*** INFORMATION GIVEN ***
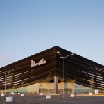 The façade is comprised of these horizontal elements designed in a range of dimensions and sections, giving rise to a clean and fluid movement that culminates in the framing of the principal entrance to the store at one of its corners. This entrance is reinforced by a large welcoming vestibule that serves as a transitional element with a majestic double height that permits the permeability of the façade. From the interior of the ground and first floors—where the gourmet food area is located—the exterior may be observed, thus breaking with the typical blind walls that define most department stores.
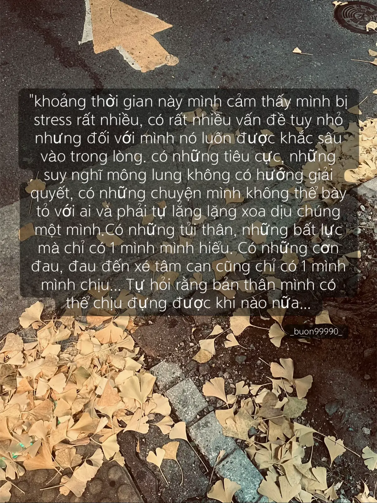 "khoảng thời gian này mình cảm thấy mình bị stress rất nhiều, có rất nhiều vấn đề tuy nhỏ nhưng đối với mình nó luôn được khắc sâu vào trong lòng. có những tiêu cực, những suy nghĩ mông lung không có hướng giải quyết, có những chuyện mình không thể bày tỏ với ai và phải tự lẳng lặng xoa dịu chúng một mình.Có những tủi thân, những bất lực mà chỉ có 1 mình mình hiểu. Có những cơn đau, đau đến xé tâm can cũng chỉ có 1 mình mình chịu... Tự hỏi rằng bản thân mình có thể chịu đựng được khi nào nữa... #buon99990 #motminh #codon #tuithan #buon_tam_trang
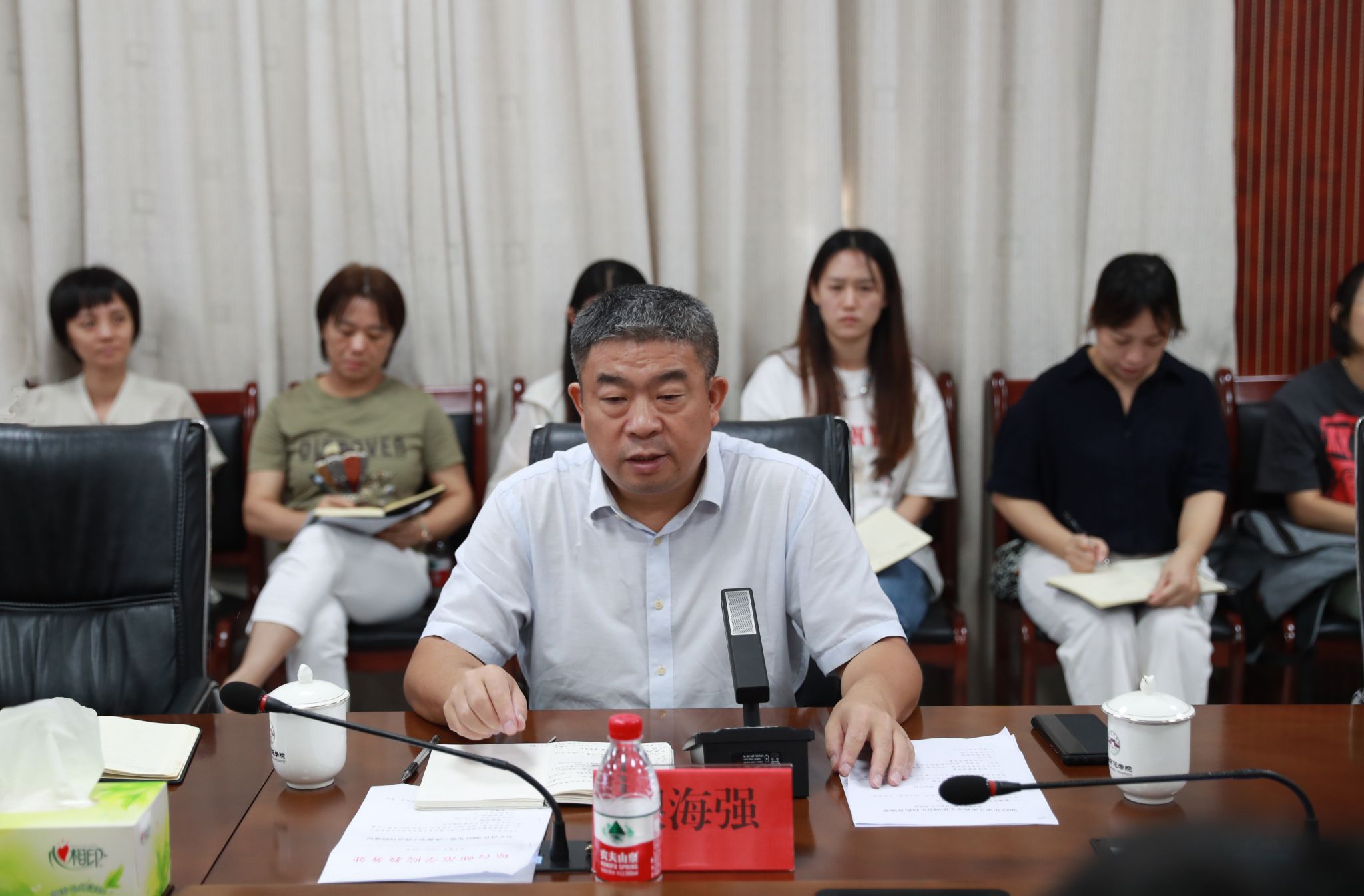 银海强在主持会议时指出,新学期开学在即,各学院要严把教学工作秩序关,做到有安排、有计划、有执行、有反思;有关教学部门要严格落实实验室安全检查,发现隐患及时排除,筑牢安全意识底线;各专业要重视新版人才培养方案和课程大纲修订工作,认真研读国家有关文件精神,抓好人才培养顶层设计,努力夯实人才培养基础;教师要认真备课,充分做好课前准备,用心上好每一堂课;教学管理人员要不断更新工作理念,提升工作效率,更好服务学校教学大局;各单位要以2024年本科教学工作合格评估为主要工作重点,对标对表开展各项工作,保质保量推进评建进程,确保学校顺利通过教育部本科教学工作合格评估。
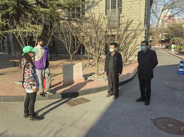 为落实好4月2日市教育两委疫情防控工作调度会会议精神,确保在校师生安全健康,2日下午,校疫情防控指挥部指挥长、校党委书记殷奇,校长陈法春带队深入马场道校区隔离点、食堂、超市、校门等重点领域、重点场所进行检查,并慰问在校学生。
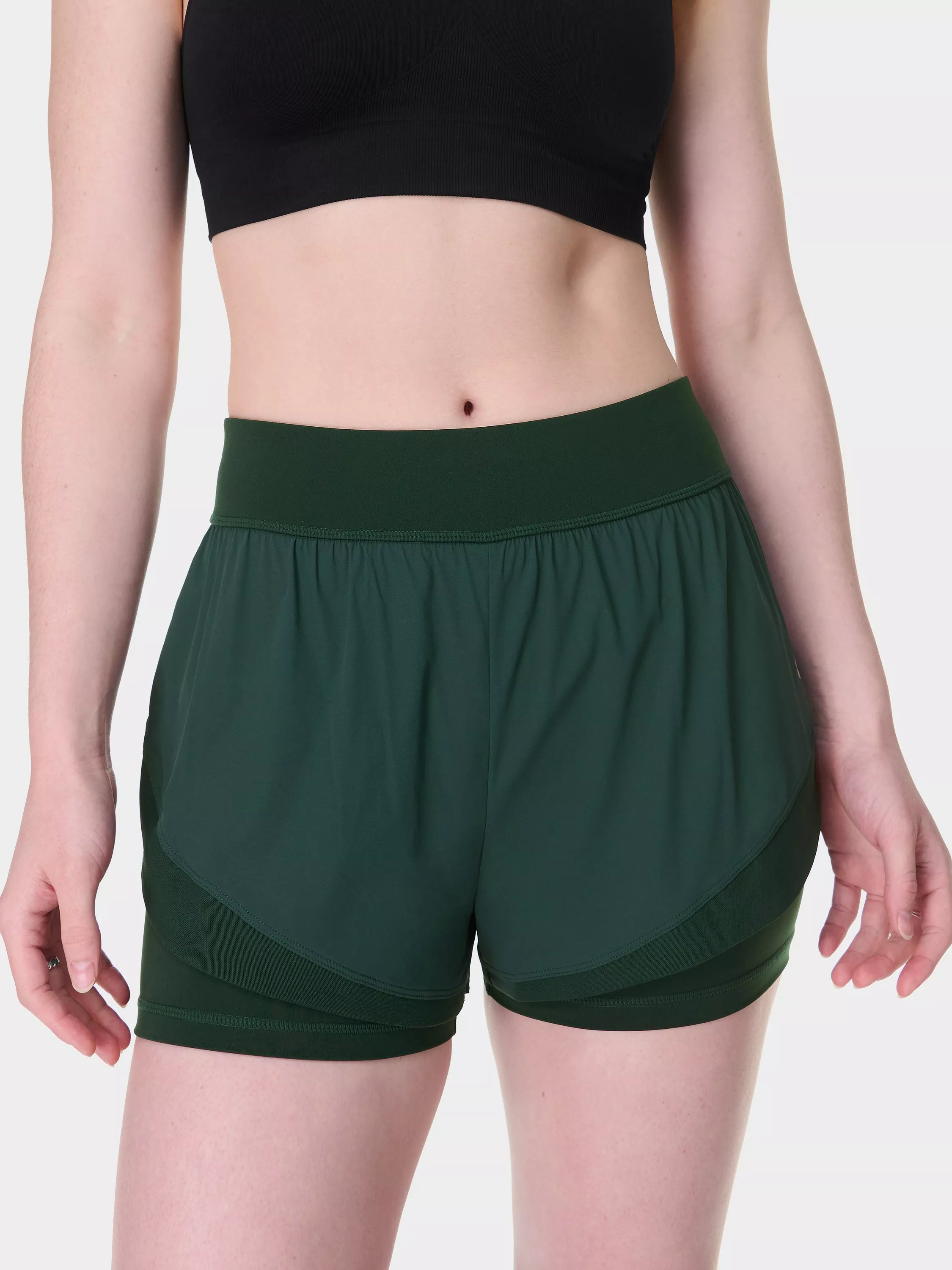 Sweaty Betty's two-in-one running shorts. Made from quick-drying, sweat-wicking fabric, the outer layer comes with mesh detailing and a high hem for freedom of movement. Inner Power Shorts with silicone grippers and phone pocket.
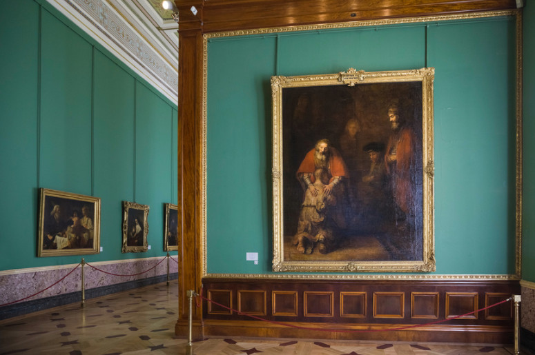 В западной части у перехода в Большой Эрмитаж находится зал, в котором представлены работы художника золотого века голландской живописи Рембрандта Харменса ван Рейна. Рембрандта называли мастером светотени — обратите внимание, как у художника выстроена композиция, прописаны освещенные участки и скомбинированы холодные и теплые оттенки. Среди полотен в этом зале — одна из самых известных его работ: «Возвращение блудного сына», которую художник создал приблизительно в 1668 году за несколько месяцев до смерти. В основу сюжета легла библейская притча о сыне, который промотал свою часть наследства и с раскаянием вернулся в отчий дом. Это самое масштабное полотно Рембрандта на религиозную тему, причем написал он «Возвращение блудного сына» не по заказу. В Эрмитаж картина попала из коллекции герцога Андре д'Ансезена в 1766 году. Тогда Дмитрий Голицын выкупил ее по поручению Екатерины II.
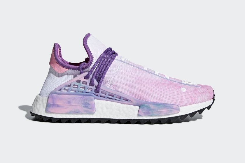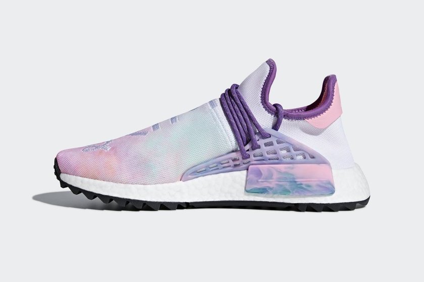 从最近曝光的频率看来,由 Pharrell Williams 与 adidas Originals 打造的 Hu NMD 今年将迎来大量的新配色。最新释出官方图片的这双紫色扎染版本可以说是非常梦幻了,带有粉、紫、橙、绿多种色调的 Primeknit 鞋身经由扎染处理呈现出独特的效果,两侧支架与稳定块也被赋予了同样梦幻的细节呈现。
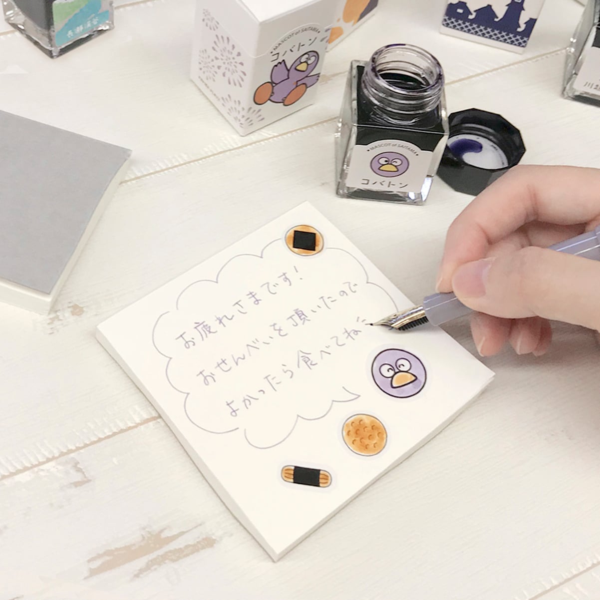 川越は全国でも珍しい黒い蔵造りの街並みが特徴で、古来より小江戸川越として栄えてきました。この歴史情緒あふれる街を歩くと、まるで一昔前にタイムスリップをしたような気分を体験できます。この川越の街が持つ“江戸の粋”をインクで再現しました。
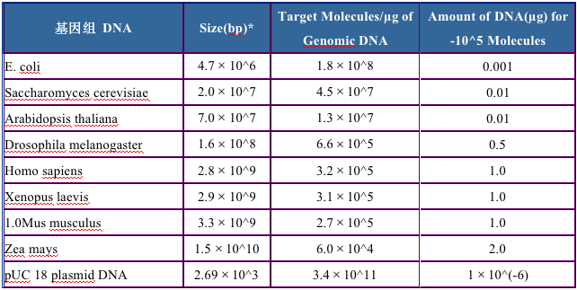 表1. 基因組大小和分子數(shù)目的比例
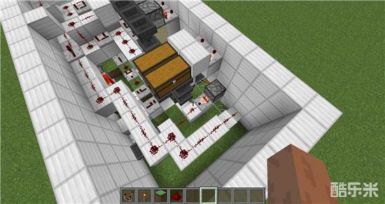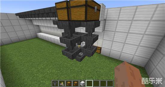7:在酿造台侧面放置6个漏斗,漏斗上方放两个陷阱箱和两个箱子
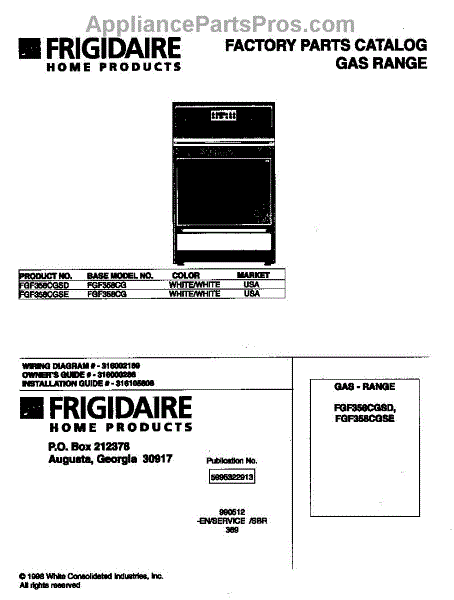 Parts for Frigidaire FGF358CGSE: 01 - Cover Parts
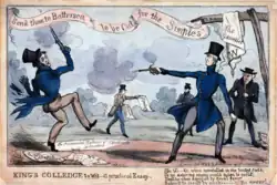 The result was a duel in Battersea Fields on 21 March 1829.[6][34] Winchilsea did not fire, a plan he and his second almost certainly decided upon before the duel; Wellington took aim and fired wide to the right. Accounts differ as to whether Wellington missed on purpose. Wellington, noted for his poor aim, claimed he did, other reports more sympathetic to Winchilsea claimed he had aimed to kill.[35] Honour was saved and Winchilsea wrote Wellington an apology.[33] "Duel Day" is still celebrated on the first Thursday after 21 March every year, marked by various events throughout King's, including re-enactments.[34][36]
*** End of INFORMATION GIVEN ***
* REQUIREMENT *
Reproduce precisely the lines of the entries above, from the one containing "从最近曝光的频率看来,由 Pharrell Williams" through the final one, both ends included, and omit the pictures.

* RESULT OF THIS TASK *
 从最近曝光的频率看来,由 Pharrell Williams 与 adidas Originals 打造的 Hu NMD 今年将迎来大量的新配色。最新释出官方图片的这双紫色扎染版本可以说是非常梦幻了,带有粉、紫、橙、绿多种色调的 Primeknit 鞋身经由扎染处理呈现出独特的效果,两侧支架与稳定块也被赋予了同样梦幻的细节呈现。
 川越は全国でも珍しい黒い蔵造りの街並みが特徴で、古来より小江戸川越として栄えてきました。この歴史情緒あふれる街を歩くと、まるで一昔前にタイムスリップをしたような気分を体験できます。この川越の街が持つ“江戸の粋”をインクで再現しました。
 表1. 基因組大小和分子數(shù)目的比例
7:在酿造台侧面放置6个漏斗,漏斗上方放两个陷阱箱和两个箱子
 Parts for Frigidaire FGF358CGSE: 01 - Cover Parts
 The result was a duel in Battersea Fields on 21 March 1829.[6][34] Winchilsea did not fire, a plan he and his second almost certainly decided upon before the duel; Wellington took aim and fired wide to the right. Accounts differ as to whether Wellington missed on purpose. Wellington, noted for his poor aim, claimed he did, other reports more sympathetic to Winchilsea claimed he had aimed to kill.[35] Honour was saved and Winchilsea wrote Wellington an apology.[33] "Duel Day" is still celebrated on the first Thursday after 21 March every year, marked by various events throughout King's, including re-enactments.[34][36]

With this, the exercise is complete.